TNscope filtering (tumor_only)#

Pre-call Filters

min_init_tumor_lod: Initial Log odds for the that the variant exists in the tumor.

min_init_tumor_lod = 1

min_tumor_lod: Minimum log odds in the final call of variant in the tumor.

min_tumor_lod = 8

The somatic variants in TNscope raw VCF file (SNV.somatic.<CASE_ID>.tnscope.all.vcf.gz) are filtered out for the genomic regions that are not reliable (eg: centromeric regions, non-chromosome contigs) to enhance the computation time. This WGS interval region file is collected from gatk_bundles gs://gatk-legacy-bundles/b37/wgs_calling_regions.v1.interval_list.

Post-call Quality Filters

Total Depth (DP): Refers to the overall read depth supporting the variant call

DP(tumor) >= 10

Allelic Depth (AD): Total reads supporting the ALT allele in the tumor sample

AD(tumor) > 3

Allelic Frequency (AF): Fraction of the reads supporting the alternate allele

Minimum AF(tumor) > 0.05
SUM(QSS)/SUM(AD) >= 20

Read Counts: Count of reads in a given (F1R2, F2R1) pair orientation supporting the alternate allele and reference alleles

ALT_F1R2 > 0, ALT_F2R1 > 0
REF_F1R2 > 0, REF_F2R1 > 0

SOR: Symmetric Odds Ratio of 2x2 contingency table to detect strand bias

SOR < 3

Post-call Observation database Filters

GNOMADAF_POPMAX: Maximum Allele Frequency across populations

GNOMADAF_popmax <= 0.001 (or) GNOMADAF_popmax == "."

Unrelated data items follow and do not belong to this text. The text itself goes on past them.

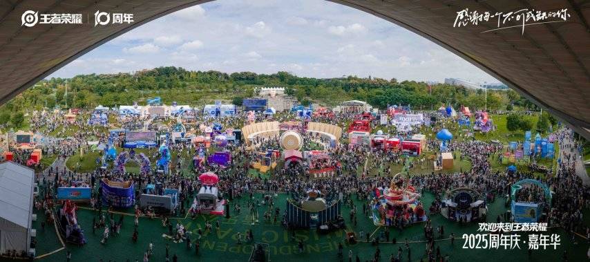 晚会精彩,嘉年华同样热闹。今年,十周年游园会正式升级为首个《王者荣耀》嘉年华,于25、26两天在成都露天音乐公园打造了总面积超过6万平米的超大会场,包含6大主题区域和体验路线,吸引共超5万人到场参与现场活动。
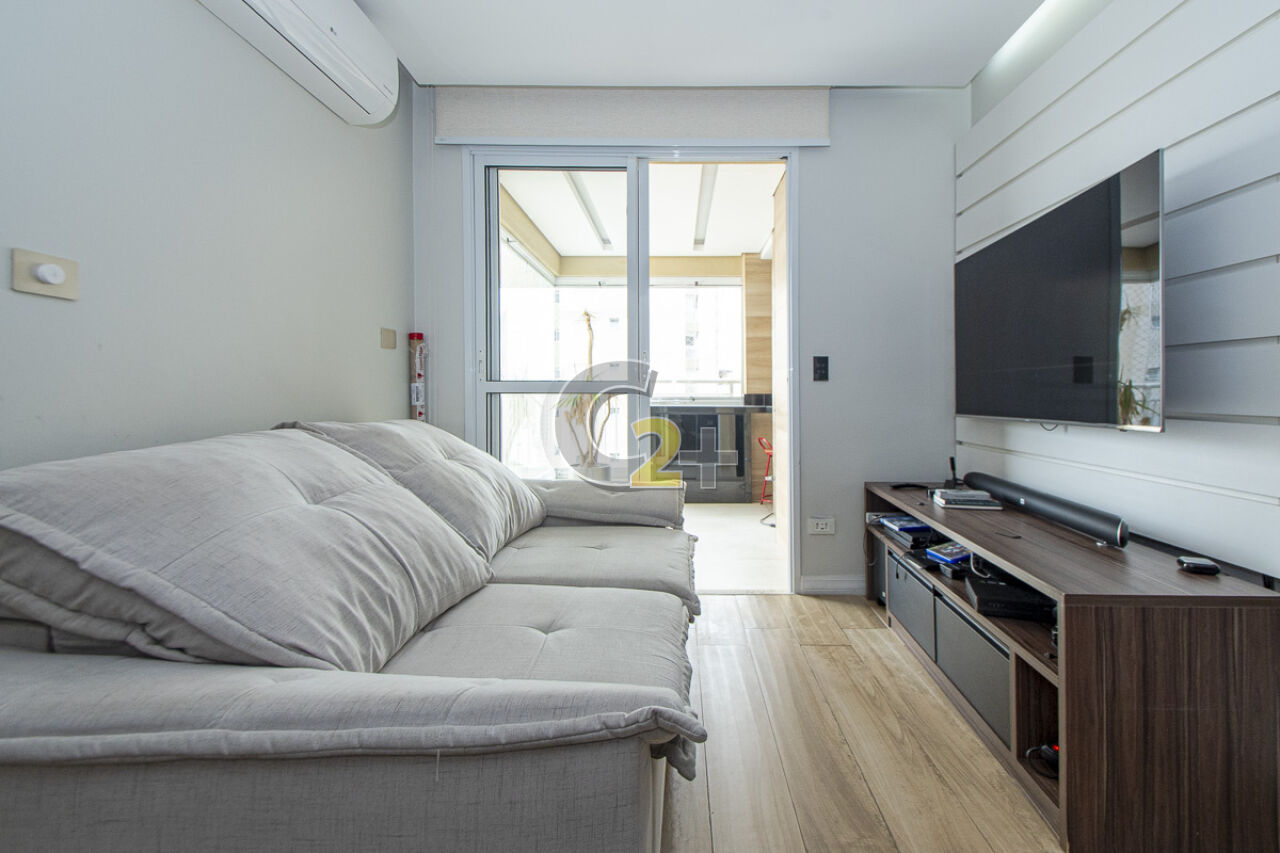 Apartamento à venda na Barra Funda com 60m², 2 quartos com ar condicionado, sendo 1 suíte, cozinha americana planejada integrada à sala para 2 ambientes, varanda com churrasqueira à carvão, área de serviço, 1 vaga de garagem definitiva, depósito.
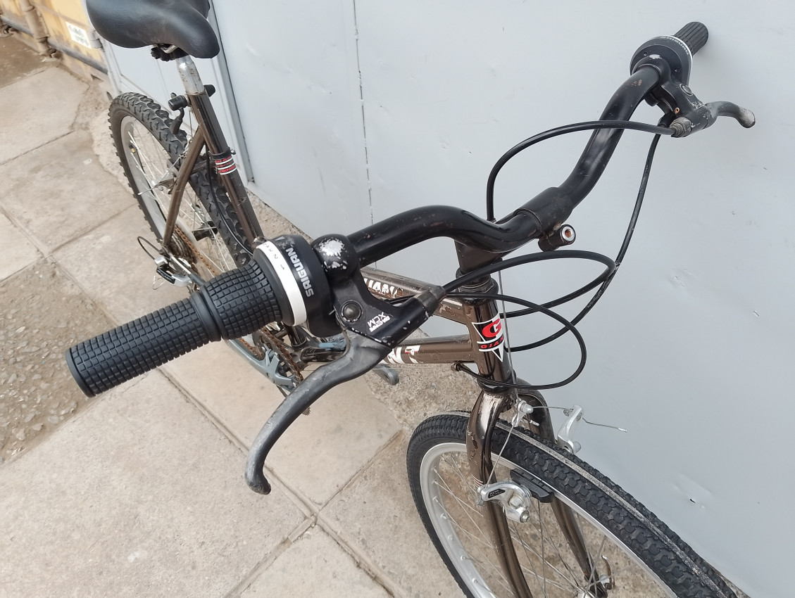 High quality used mountain bike. Wheel size 26. Frame material steel. Top tube 22.5', seat tube height 20.5'. Gear system 3x6 with 7speed  grip shifts. Cog type freewheel. Other features: Front wheels have quick release.
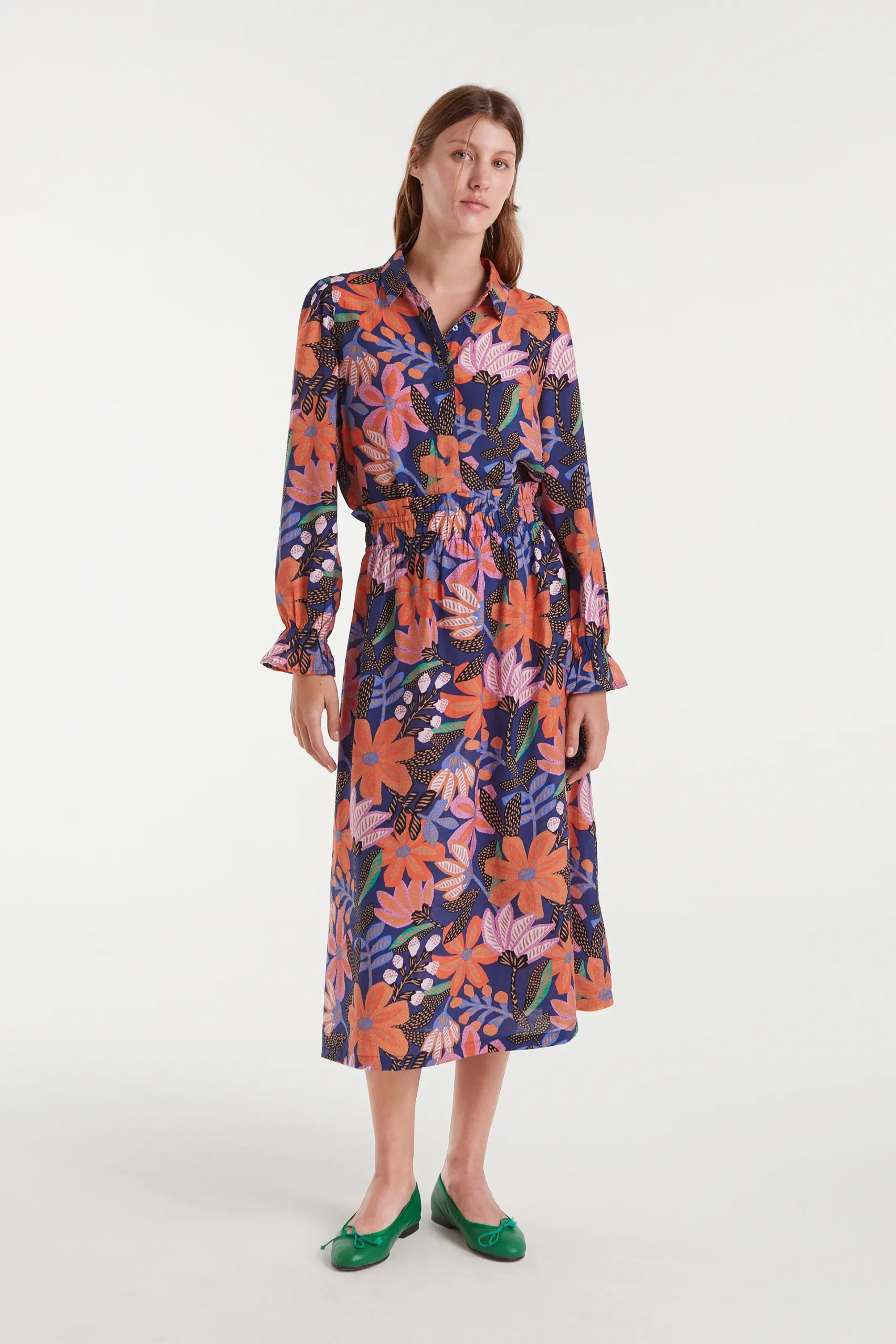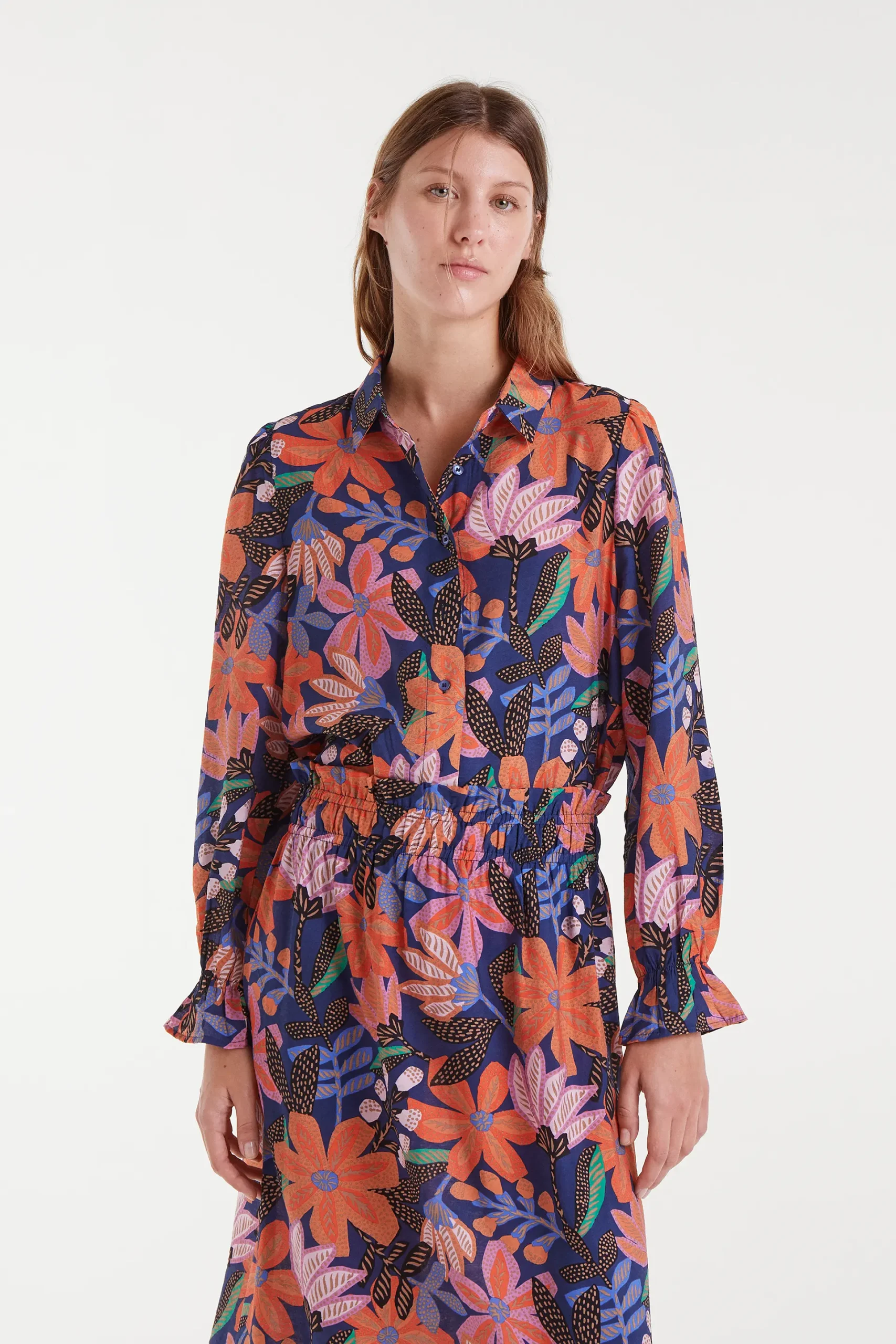 Camisa de tejido crepé ligero con estampado Tigerlily. Cuello solapa con manga larga y puño elástico con volante.Cierre frontal con botones azules. La modelo mide 177 cm y lleva la talla S.
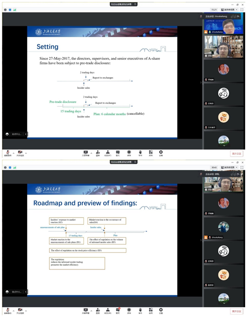 随后,郭凯老师分别从Motivation、Setting、Contribution、Roadmap and preview of findings、Hypothesis、Results、Conclusion等方面展开了详细清楚的讲解。在Setting部分,师生们对2017年颁布的减持新规的具体规定以及实施细节表现出了浓厚的兴趣,并与郭老师进行了热烈的讨论。在Roadmap and preview of findings和Hypothesis环节,很多老师和学生都结合自身担任独董或者实习实践的经历与郭老师探讨了董监高减持背后的真正原因,其中,针对股权激励行权期间的减持到底有没有信息含量以及如何将有信息含量和没有信息含量的减持行为进行区分等问题展开了激烈的讨论。
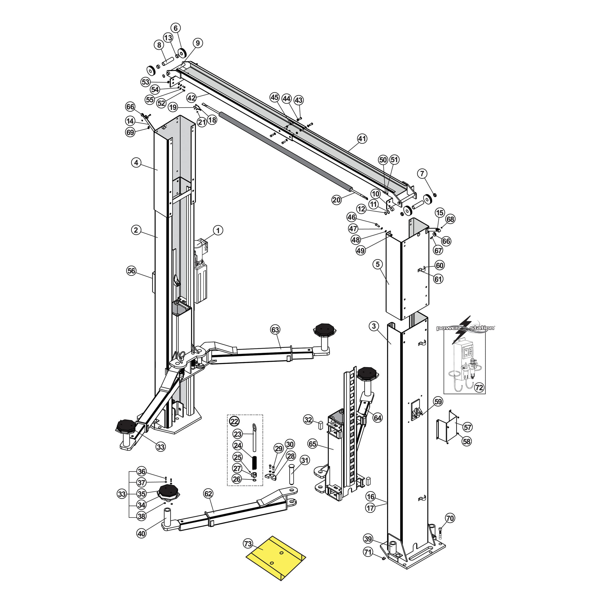 SVI is the go-to supplier for repair parts for Tuxedo Lifts. Whether you need equalizer and lifting cables / chain, sheaves, slider blocks, hydraulic cylinders, seal kits, power units, overhead stop limit components, carriage locks and components, arm pins, height extensions and pads, or another part for your 2-post Tuxedo lift, SVI has what you need. We offer excellent pricing, top-notch customer service, and in-stock items usually ship out the same day.
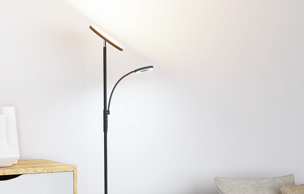 Biztosítsd a tökéletes megvilágítást bármilyen helyzetben! A lámpa 2 állítható fejjel van felszerelve, így pontosan úgy helyezheted el, ahogy szeretnéd! A nagyobb fej 350°-ban forgatható, és 180°-ban dönthető. A kisebb fej 360°-ban forgatható. Élvezd az optimális fényirányt, és növeld a kényelmet munka vagy pihenés közben!
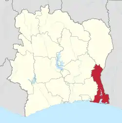 Comoé District (French: District du Comoé; pronounced [ko.mo.e], named for the Komoé River) is one of fourteen administrative districts of Ivory Coast. The district is located in the southeast corner of the country, bordering Ghana to the east, Zanzan District to the north, Lacs District and Lagunes District to the west, and the Atlantic Ocean to the south. The capital of the district is Abengourou.
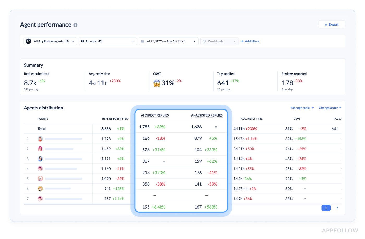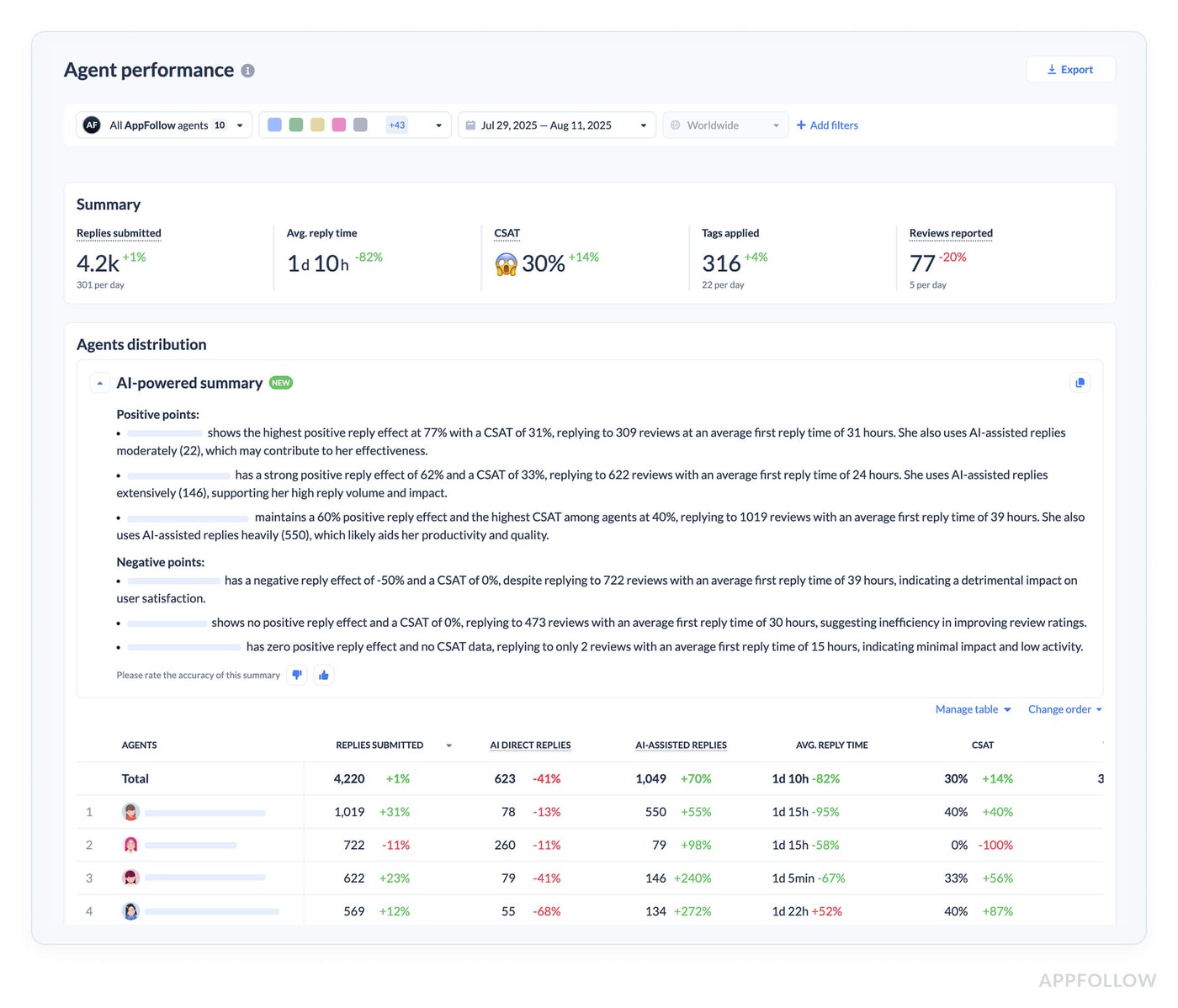 AppFollow tracks three AI usage metrics. AI direct replies shows responses sent without human editing. AI-assisted replies tracks responses where agents used AI but made edits, or used AI tools on manual replies. AI summary for agents analyzes performance data and identifies top 3 positive and negative points in team performance, highlighting contributors and improvement areas in plain language. This gives managers visibility into how teams use automation.

Normalized base quality scores: The sum of base quality scores for each allele (QSS) is divided by the allelic depth of alt and ref alleles (AD)

SWEGENAF <= 0.01  (or) SWEGENAF == "."

Frq: Frequency of observation of the variants from normal Clinical samples

Frq <= 0.01  (or) Frq == "."

The variants scored as PASS or triallelic_sites are included in the final vcf file (SNV.somatic.<CASE_ID>.tnscope.<research/clinical>.filtered.pass.vcf.gz).

Attention: BALSAMIC <= v8.2.10 uses GNOMAD_popmax <= 0.005. From Balsamic v9.0.0, this settings is changed to 0.02, to reduce the stringency. BALSAMIC >= v11.0.0 removes unmapped reads from the bam and cram files for all the workflows. BALSAMIC >= v13.0.0 keeps unmapped reads in bam and cram files for all the workflows.